Lorsqu'un poème, ou simplement un vers provoque chez le lecteur une sorte de choc, le tire hors de lui-même, le jetant dans le rêve, ou au contraire le contraint à descendre en lui plus profondément jusqu'à le confronter avec l'être et le destin, à ces signes se reconnaît la réussite poétique. "Telle est, bien sûr, l'ambition secrète et démesurée de tout auteur d'anthologie. S'il la commence pour lui-même, c'est pour d'autres qu'il la termine et la publie. Choisir tout ce qui lui paraît digne et capable de provoquer chez le lecteur le choc de la beauté, voilà l'objet de son effort. C'est dire qu'il se trahit lui-même puisqu'il livre le secret de ce qui le touche. Mon ambition est bien de donner ici l'essentiel de notre poésie, c'est-à-dire les plus beaux vers de la langue française, ceux que je trouve tels, sans doute, mais avec l'espoir qu'ils le sont vraiment."
Mon avis :
Que dire d'une telle traversée des époques à travers les poèmes choisis par Georges Pompidou ? Tout d'abord, qu'on peut faire confiance à son goût et à sa culture pour se forger une représentation intime de siècles de poésie, et que de toute façon, présenter des poèmes ne sert qu'à faire naître l'envie d'en découvrir et en lire d'autres. Il s'en explique dans une introduction des plus intéressantes, notamment dans la partie "les poètes", où il présente les auteurs et les différents courants, ce qu'il a repris d'eux et pourquoi. L'ordre de présentation est le plus simple possible, chronologique.
On arrive fatalement avec une telle collection de textes immortels à revenir en boucle à la question : qu'est-ce que la poésie ? Est-elle bateau ivre, frêle esquif à la dérive, sur des flots de sensations brûlantes, d'émotions violentes ? Est-elle nef courageuse qui nous porte en ses flancs et nous amène à bon port ? J'ai choisi pour ma part de commencer chaque matin un voyage en parallèle de la journée que j'allais passer - réveil, café, poésie, qui m'accompagne aujourd'hui ? Je me suis laissé prendre la main par un poète à la fois, j'ai marché le long de ses pas. Chaque matin, avant la route réelle, j'ai remonté la pente du temps, notre meilleur ennemi de la naissance à la mort.

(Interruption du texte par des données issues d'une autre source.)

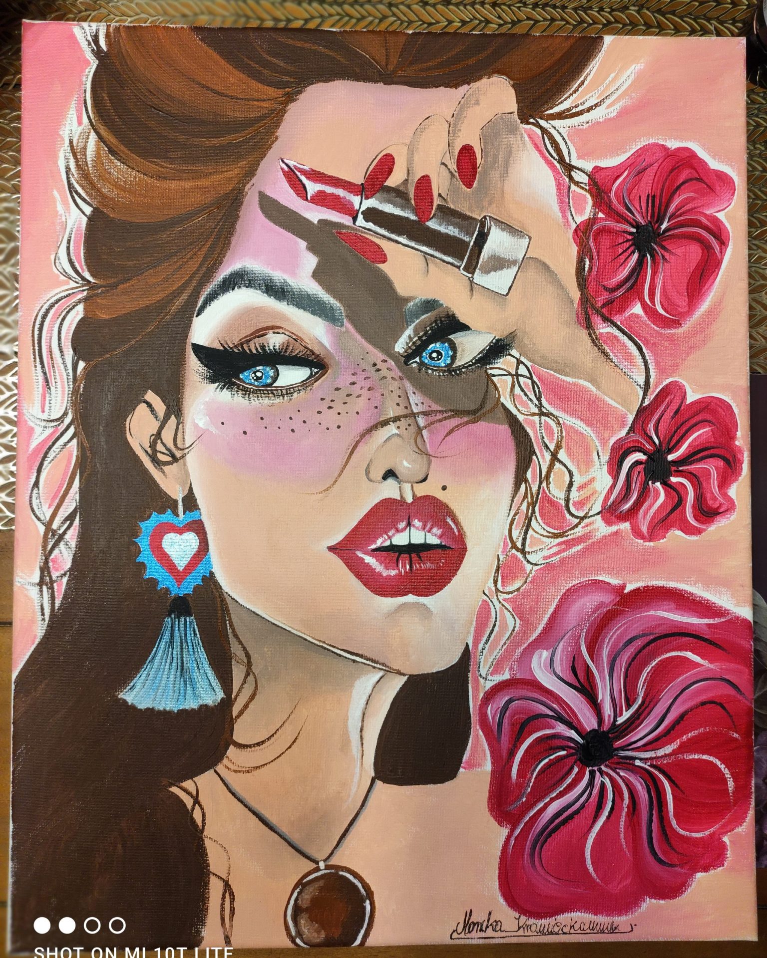 Obraz wykonany na płótnie. Namalowany farbami akrylowymi. Wymiary obrazu to 50 cm wysokość na 40 cm szerokości.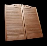 Description - Cafe Doors (Prefit for 30" Finished Opening) with Wood Scroll Accents: Saloon Western Swinging Style Wood Bar Door Made of Exotic Hardwood - Polished Brass Cafe Doors Hinge Set Is Included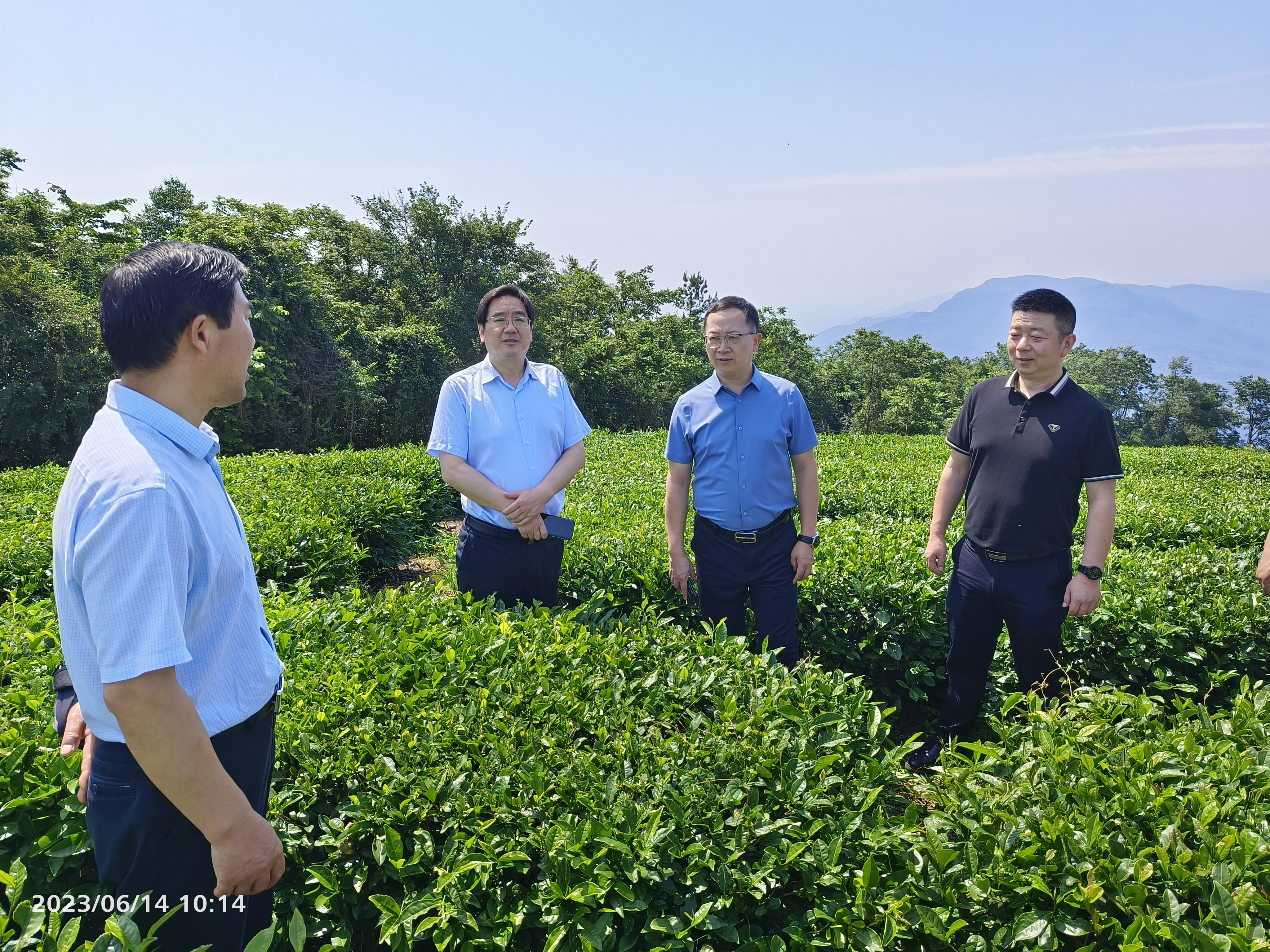 图为调研组了解石桥坪村生态茶园建设情况

S'il fallait tenter d'énoncer une raison d'être des mots de nos poètes, c'est à la fois de nous protéger des effets inexorables du temps, de cultiver la mémoire vivante des amours, de la geste humaine, du vif de notre condition, mais aussi, c'est parfois exigé pour aller plus loin, de nous mettre à nu dans le torrent, de plonger, lame fumante dans le fil de l'eau, pour se durcir et s'effiler, afin de mieux tailler dans l'étoffe de nos jours à venir. Bien sûr, chacun aura ses poètes préférés, pourra découvrir des vers ignorés, et constater qu'aucun ne manque, de François Villon à Paul Eluard, en passant par Jean Racine, Charles Baudelaire, Arthur Rimbaud, et mon préféré entre tous, Guillaume Apollinaire, jusqu'à Paul Valéry... Existe-t-il des images françaises de la vie et de la mort, une façon particulière à un pays de les évoquer, d'en rêver ou de les conjurer ?

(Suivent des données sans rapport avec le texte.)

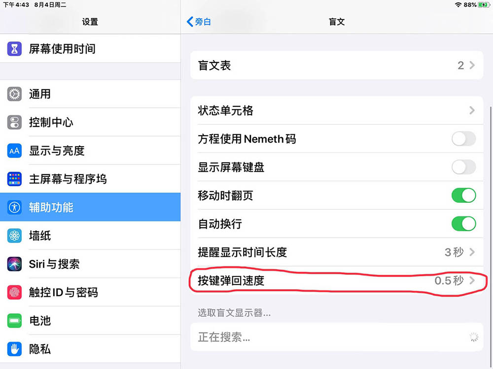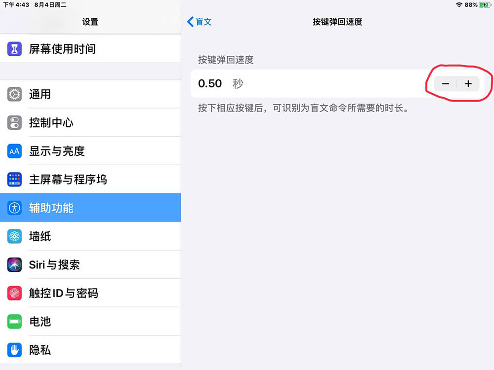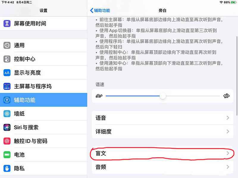 以上就是ipad在旁白设置盲文的按键弹回速度的技巧,希望大家喜欢,请继续关注代码网。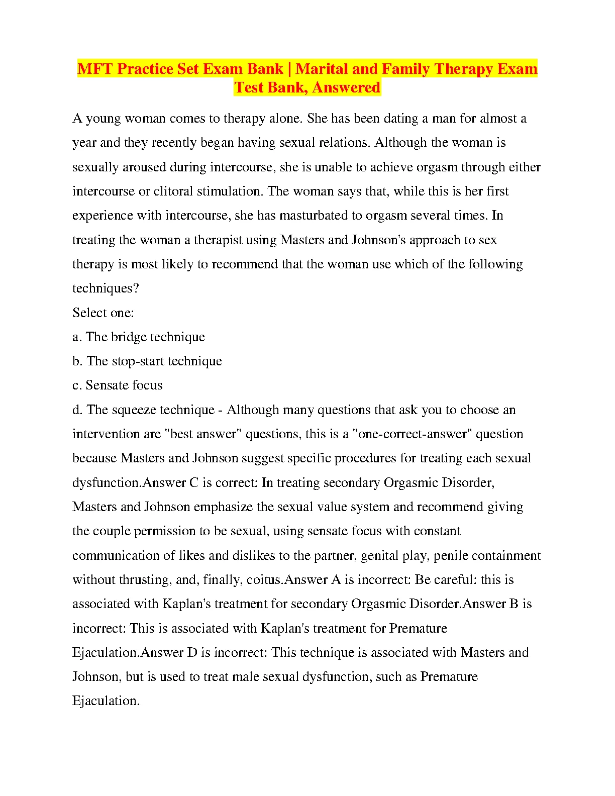 2024 MFT Practice Set Exam Bank Marital and Family Therapy Exam Test Bank. 2024 MFT Practice Set Exam Bank Marital and Family Therapy Exam Test Bank EXAM
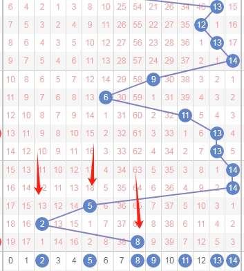 上图是体彩七星彩蓝球开奖号码走势分布图,我标注出来的红色小箭头表示遗漏周期,上期开出数字8遗漏周期是66期,最近3期蓝球开出的遗漏周期都有点大,那么本期关注出遗漏周期小的数字2 5 8 9 11 13 14。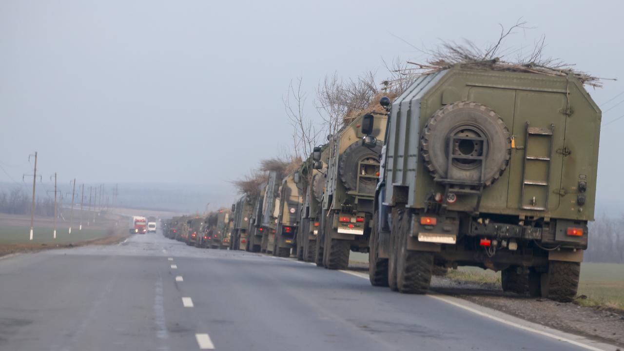 Rusya’nın Rostov bölgesinde Kuybuşevo yerleşim yeri yakınlarında Rus askeri araçlarının bulunduğu konvoyun Ukrayna’nın Donbas bölgesinin yer aldığı sınıra doğru ilerlediği görüldü.

Finir cette anthologie, c'est avoir gagné le pied marin pour continuer sa vie, ne plus craindre les sols mouvants, les arrêts et les départs, faire un avec le temps et les éléments, les épouser pour, le temps venu, espérer savoir ce qu'on a vécu, et surtout, se dire que ça valait la peine. À tout moment, être homme parmi les hommes, mais aussi savoir être seul, regarder autour de soi, enfin se rendre compte qu'à chacun de nos pas correspondent des chemins tracés par les vers d'autres hommes, qui peuvent nous aider, car ils sont des frères qui nous tendent la main, par-delà les âges, et que toute continuité de la vie est universelle. Il faut passer, jouer son rôle le mieux possible, et imprimer une marque quelconque dans le tissu du monde, non pour notre postérité, mais pour les autres. Pour nous c'est simple : la poésie sublime le vécu, nous fait passer des caps selon notre maturité du moment, nous garde éveillés en nous rappelant que, d'une manière ou d'une autre, autre chose est possible, un ailleurs ou un devant se dessinent et nous font signe. Il n'est que de rassembler nos forces pour continuer... 5/5
Citations :
En la forêt d'Ennuyeuse Tristesse,
Un jour m'advint qu'à part moi cheminoye,
Et rencontrai l'Amoureuse Déesse
Qui m'appela, demandant où j'alloye.
(...)
Or me déplaît qu'à présent je te voye
L'homme égaré qui ne sait où il va. (Ballades, Charles d'Orléans, page 47)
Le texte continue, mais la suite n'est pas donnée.